[MATERIAL PROVIDED — start]

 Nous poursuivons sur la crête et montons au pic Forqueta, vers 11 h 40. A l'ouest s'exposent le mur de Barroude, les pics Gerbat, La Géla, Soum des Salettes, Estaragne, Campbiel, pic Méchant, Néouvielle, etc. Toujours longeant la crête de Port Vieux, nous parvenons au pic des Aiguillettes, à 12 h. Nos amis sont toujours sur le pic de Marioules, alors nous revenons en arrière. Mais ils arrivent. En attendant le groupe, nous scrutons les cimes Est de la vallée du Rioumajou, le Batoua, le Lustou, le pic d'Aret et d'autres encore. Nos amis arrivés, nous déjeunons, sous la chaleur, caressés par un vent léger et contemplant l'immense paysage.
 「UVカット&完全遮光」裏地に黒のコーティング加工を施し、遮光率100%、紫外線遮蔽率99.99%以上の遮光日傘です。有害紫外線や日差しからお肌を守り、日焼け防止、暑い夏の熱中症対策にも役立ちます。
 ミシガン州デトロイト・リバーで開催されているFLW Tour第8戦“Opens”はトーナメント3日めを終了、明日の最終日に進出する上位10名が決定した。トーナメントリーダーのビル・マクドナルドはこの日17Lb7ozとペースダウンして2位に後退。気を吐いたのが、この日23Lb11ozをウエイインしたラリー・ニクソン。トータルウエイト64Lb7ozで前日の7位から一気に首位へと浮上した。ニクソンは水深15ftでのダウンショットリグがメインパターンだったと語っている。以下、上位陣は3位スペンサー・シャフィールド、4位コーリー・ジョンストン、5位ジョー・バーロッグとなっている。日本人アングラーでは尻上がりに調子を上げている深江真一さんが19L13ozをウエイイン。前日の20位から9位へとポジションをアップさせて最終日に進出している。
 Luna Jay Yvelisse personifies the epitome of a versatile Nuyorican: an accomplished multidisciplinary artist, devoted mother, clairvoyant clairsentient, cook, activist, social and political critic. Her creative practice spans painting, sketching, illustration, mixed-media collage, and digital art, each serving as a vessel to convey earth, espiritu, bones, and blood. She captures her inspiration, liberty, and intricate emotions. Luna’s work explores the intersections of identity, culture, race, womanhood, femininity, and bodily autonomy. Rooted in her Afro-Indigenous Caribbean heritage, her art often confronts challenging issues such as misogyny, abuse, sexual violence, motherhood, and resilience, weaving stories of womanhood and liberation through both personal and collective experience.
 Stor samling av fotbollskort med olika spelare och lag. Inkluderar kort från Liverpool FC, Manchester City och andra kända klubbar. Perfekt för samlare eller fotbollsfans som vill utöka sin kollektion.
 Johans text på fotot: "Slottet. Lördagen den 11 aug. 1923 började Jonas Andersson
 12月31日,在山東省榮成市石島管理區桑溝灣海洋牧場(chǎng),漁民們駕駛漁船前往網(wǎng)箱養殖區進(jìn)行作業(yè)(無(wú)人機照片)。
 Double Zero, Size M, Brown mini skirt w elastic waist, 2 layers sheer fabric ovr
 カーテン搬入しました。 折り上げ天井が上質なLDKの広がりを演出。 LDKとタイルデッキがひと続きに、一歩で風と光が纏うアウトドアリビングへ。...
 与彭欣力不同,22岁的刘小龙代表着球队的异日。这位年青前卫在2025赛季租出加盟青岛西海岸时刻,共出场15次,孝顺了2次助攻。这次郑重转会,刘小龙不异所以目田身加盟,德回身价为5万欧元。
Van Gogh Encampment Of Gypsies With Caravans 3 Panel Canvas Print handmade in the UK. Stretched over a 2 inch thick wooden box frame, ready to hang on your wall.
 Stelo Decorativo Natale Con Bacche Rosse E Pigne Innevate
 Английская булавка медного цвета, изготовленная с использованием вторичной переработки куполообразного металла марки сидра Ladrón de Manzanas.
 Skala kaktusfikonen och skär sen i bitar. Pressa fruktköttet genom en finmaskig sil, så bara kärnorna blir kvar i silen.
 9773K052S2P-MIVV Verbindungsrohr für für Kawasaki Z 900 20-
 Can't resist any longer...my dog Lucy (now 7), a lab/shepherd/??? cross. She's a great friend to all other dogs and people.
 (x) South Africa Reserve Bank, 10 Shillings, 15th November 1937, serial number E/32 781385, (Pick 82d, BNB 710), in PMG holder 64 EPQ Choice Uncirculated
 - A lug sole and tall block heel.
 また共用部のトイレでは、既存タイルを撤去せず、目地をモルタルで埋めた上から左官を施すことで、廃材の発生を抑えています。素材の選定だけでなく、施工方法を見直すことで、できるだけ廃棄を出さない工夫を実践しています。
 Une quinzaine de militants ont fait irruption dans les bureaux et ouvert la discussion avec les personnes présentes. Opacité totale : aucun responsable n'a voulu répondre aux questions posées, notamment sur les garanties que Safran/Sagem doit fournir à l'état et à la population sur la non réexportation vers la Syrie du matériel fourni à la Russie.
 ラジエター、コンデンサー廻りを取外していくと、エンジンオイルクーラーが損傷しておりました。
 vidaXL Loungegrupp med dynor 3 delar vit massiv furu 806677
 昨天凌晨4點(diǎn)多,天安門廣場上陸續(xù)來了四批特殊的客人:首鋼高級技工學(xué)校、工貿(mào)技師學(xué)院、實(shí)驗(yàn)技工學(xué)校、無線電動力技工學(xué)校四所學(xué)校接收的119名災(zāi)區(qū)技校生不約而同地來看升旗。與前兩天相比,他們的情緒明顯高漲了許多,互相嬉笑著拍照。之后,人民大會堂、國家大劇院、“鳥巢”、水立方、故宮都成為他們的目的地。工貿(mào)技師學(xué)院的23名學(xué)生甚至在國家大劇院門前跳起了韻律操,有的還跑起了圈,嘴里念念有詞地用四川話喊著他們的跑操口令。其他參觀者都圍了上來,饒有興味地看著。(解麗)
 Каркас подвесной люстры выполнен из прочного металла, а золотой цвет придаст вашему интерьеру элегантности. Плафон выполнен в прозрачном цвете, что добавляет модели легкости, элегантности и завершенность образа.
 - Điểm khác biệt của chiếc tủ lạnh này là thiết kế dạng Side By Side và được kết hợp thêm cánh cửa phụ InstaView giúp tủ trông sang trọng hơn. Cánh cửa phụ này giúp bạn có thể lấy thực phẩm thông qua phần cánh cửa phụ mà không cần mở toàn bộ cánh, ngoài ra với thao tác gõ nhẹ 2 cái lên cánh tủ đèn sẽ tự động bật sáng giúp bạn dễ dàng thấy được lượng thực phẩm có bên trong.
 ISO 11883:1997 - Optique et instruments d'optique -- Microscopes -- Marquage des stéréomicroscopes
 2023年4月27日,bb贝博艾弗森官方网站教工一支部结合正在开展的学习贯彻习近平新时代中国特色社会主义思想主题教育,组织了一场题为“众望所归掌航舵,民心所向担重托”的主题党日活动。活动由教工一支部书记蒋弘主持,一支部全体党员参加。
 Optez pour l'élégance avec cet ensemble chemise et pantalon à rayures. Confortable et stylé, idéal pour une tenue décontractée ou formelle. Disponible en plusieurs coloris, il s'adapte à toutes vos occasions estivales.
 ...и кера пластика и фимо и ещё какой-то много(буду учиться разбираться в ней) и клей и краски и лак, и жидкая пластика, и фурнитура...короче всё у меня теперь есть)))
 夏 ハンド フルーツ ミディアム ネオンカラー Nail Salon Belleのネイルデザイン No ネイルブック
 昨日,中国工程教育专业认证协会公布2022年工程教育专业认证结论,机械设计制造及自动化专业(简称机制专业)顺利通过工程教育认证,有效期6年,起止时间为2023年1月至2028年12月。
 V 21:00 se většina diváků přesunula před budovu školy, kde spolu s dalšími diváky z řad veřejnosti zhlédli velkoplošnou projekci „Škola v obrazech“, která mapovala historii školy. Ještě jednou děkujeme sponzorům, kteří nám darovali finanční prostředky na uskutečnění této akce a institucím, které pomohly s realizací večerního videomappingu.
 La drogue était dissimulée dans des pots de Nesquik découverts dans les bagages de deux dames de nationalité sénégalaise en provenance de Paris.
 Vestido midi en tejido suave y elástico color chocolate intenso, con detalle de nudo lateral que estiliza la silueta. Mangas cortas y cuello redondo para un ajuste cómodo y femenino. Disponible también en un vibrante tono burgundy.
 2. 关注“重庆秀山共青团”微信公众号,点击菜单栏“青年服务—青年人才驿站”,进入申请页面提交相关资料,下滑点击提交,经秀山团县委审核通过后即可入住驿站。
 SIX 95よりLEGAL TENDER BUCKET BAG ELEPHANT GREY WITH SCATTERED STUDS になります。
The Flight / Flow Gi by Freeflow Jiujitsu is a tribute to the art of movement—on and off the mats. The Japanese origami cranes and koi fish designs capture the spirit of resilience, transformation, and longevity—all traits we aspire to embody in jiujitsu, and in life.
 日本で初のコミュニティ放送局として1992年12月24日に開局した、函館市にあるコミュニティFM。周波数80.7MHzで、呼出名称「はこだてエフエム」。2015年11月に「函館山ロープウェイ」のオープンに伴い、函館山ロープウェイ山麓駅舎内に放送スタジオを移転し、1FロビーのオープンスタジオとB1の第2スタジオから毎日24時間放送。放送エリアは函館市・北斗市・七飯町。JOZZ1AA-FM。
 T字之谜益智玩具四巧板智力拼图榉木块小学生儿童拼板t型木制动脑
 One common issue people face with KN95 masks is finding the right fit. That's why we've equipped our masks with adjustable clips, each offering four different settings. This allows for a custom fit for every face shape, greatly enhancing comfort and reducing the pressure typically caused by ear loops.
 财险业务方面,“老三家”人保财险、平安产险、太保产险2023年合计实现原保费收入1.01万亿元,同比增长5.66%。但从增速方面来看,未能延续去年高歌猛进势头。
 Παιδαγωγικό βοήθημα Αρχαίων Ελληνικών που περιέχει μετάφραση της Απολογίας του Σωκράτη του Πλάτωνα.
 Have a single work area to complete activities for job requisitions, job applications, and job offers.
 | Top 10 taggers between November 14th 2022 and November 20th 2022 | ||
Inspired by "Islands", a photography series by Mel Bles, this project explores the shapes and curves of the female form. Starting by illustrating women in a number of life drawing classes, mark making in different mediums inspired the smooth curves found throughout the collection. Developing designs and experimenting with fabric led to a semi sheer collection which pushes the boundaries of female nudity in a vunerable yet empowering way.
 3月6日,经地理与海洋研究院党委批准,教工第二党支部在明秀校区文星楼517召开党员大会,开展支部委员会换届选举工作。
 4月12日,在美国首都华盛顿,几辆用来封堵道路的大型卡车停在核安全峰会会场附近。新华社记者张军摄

[MATERIAL PROVIDED — finish]

Which lines above run from the one containing "(x) South Africa" down to the one containing "vidaXL Loungegrupp med"? Repeat exactly those, both ends included, and nothing else.

 (x) South Africa Reserve Bank, 10 Shillings, 15th November 1937, serial number E/32 781385, (Pick 82d, BNB 710), in PMG holder 64 EPQ Choice Uncirculated
 - A lug sole and tall block heel.
 また共用部のトイレでは、既存タイルを撤去せず、目地をモルタルで埋めた上から左官を施すことで、廃材の発生を抑えています。素材の選定だけでなく、施工方法を見直すことで、できるだけ廃棄を出さない工夫を実践しています。
 Une quinzaine de militants ont fait irruption dans les bureaux et ouvert la discussion avec les personnes présentes. Opacité totale : aucun responsable n'a voulu répondre aux questions posées, notamment sur les garanties que Safran/Sagem doit fournir à l'état et à la population sur la non réexportation vers la Syrie du matériel fourni à la Russie.
 ラジエター、コンデンサー廻りを取外していくと、エンジンオイルクーラーが損傷しておりました。
 vidaXL Loungegrupp med dynor 3 delar vit massiv furu 806677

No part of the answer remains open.